Every gallon you buy in Vermont carries both state and federal fuel tax baked into the pump price. This calculator separates those cents from the fuel itself and totals them across a year, using Vermont’s combined gasoline tax of about 32.3 cents per gallon plus the 18.4-cent federal excise — so you can see your real annual and per-mile road-tax contribution.
How it works
Vermont’s state gasoline tax is a stack of components:
- Motor fuel excise — 12.1¢/gal.
- Motor Fuel Transportation Infrastructure Assessment (MFTIA) — about 2% of the average retail price, which works out to roughly 6.9¢/gal at typical prices.
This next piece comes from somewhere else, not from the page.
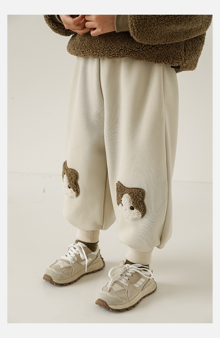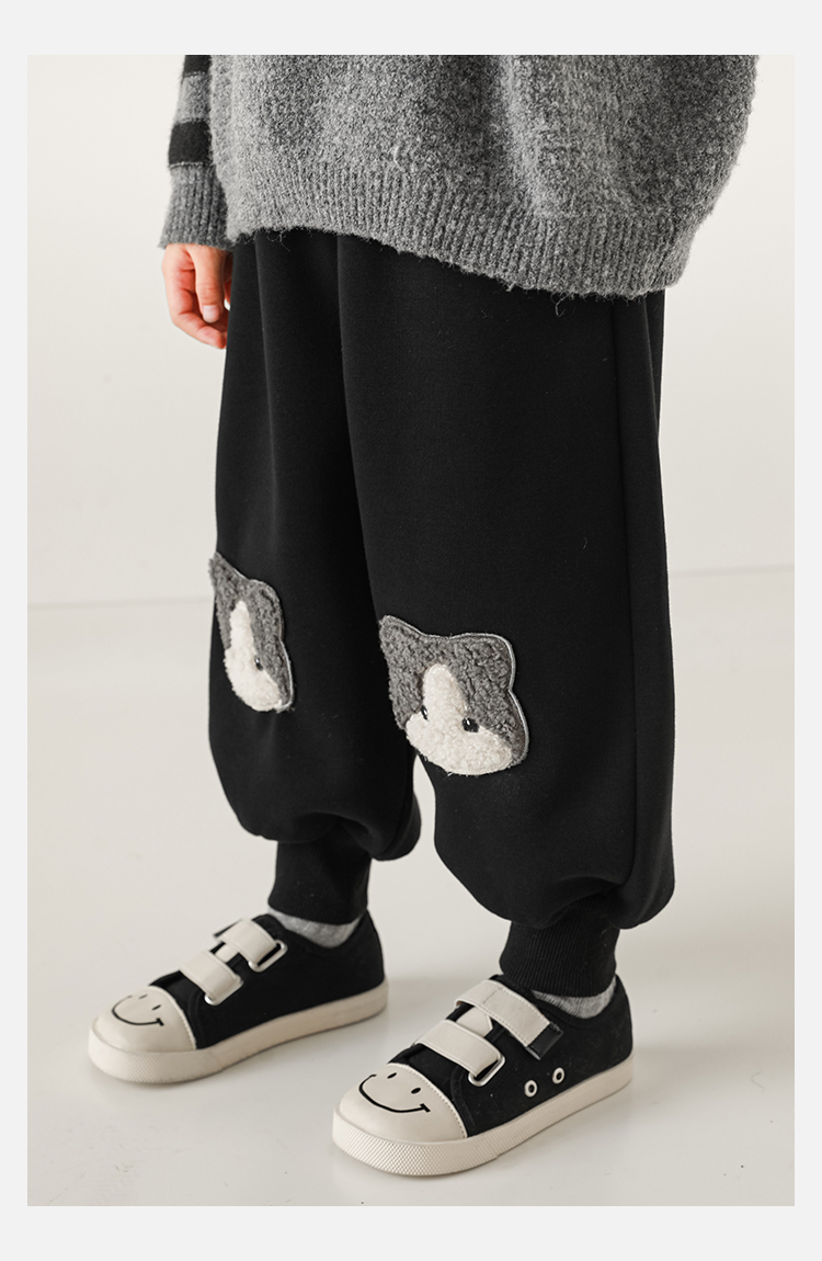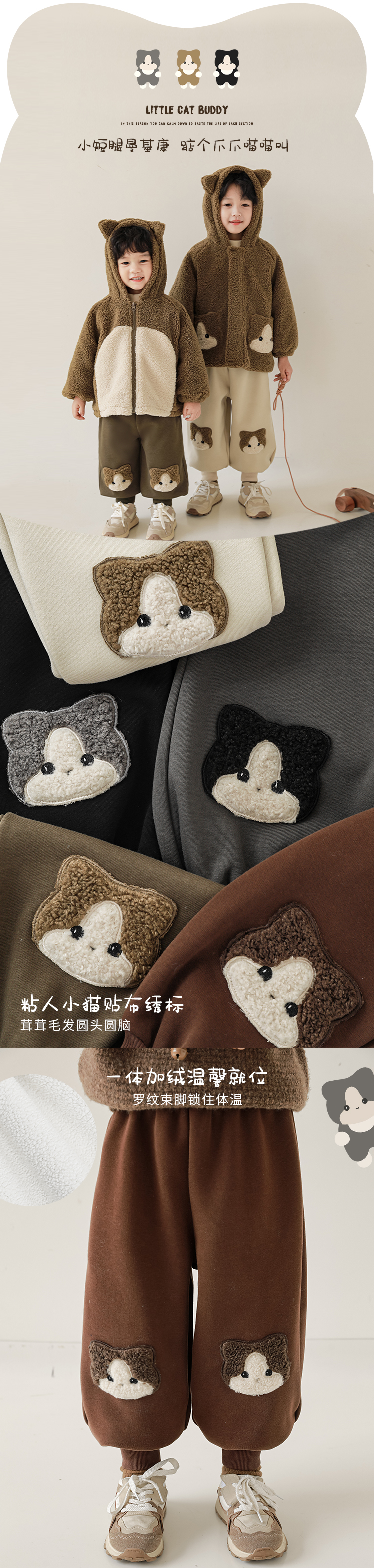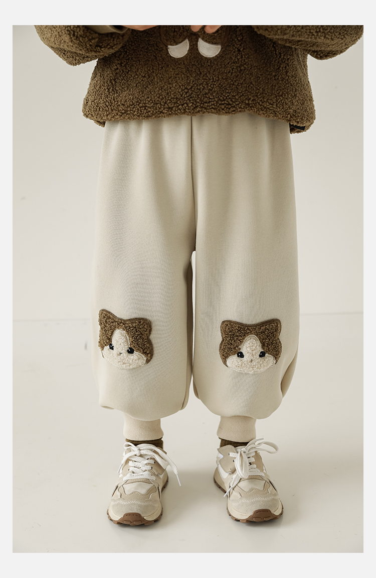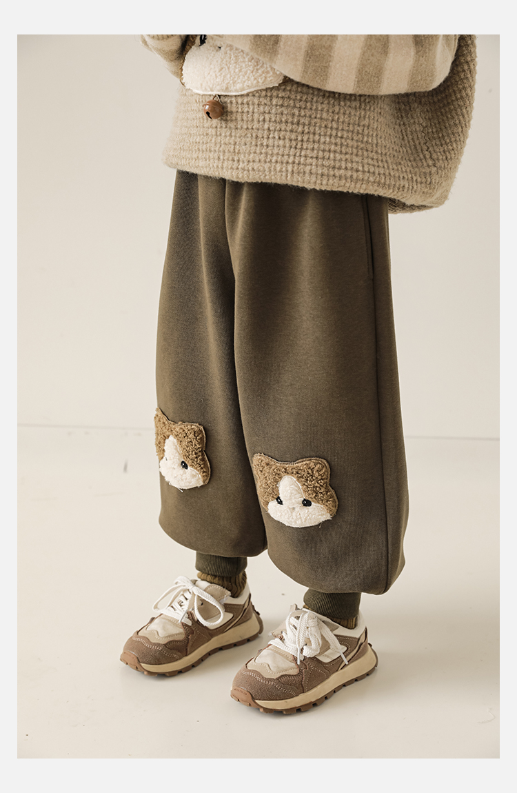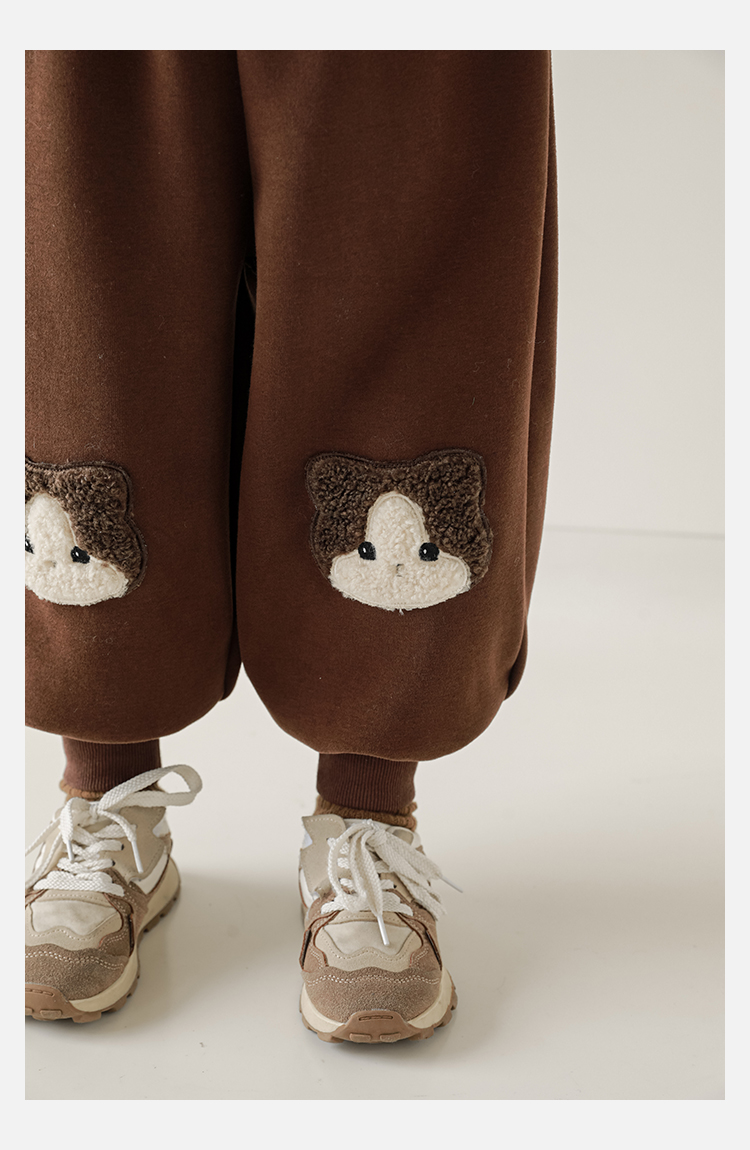 Wurib 소년 새끼 고양이 패치 로고 기모 두꺼운 발가락 캐주얼 바지 겨울 어린이 느슨한 바지 조수

- Petroleum cleanup fee — 1¢/gal.
Together these reach an effective ~32.3¢/gal state total, and the federal excise of
18.4¢/gal is added at the pump. The tool computes gallons from either your mileage and MPG
(gallons = miles ÷ mpg) or your tank size and fill-ups (gallons = tank × fills), then
multiplies by each rate.
Example and notes
Driving 12,000 miles a year in a car that gets 26 MPG burns about 462 gallons. At Vermont’s combined ~50.7¢/gal (state + federal), that is roughly $234 in fuel tax per year, or about 1.95¢ per mile.
Because the MFTIA floats with the average retail price, Vermont’s state total shifts slightly each quarter — this estimate uses a representative ~32.3¢/gal. Diesel uses its own state and federal rates. Confirm the current figures at tax.vermont.gov.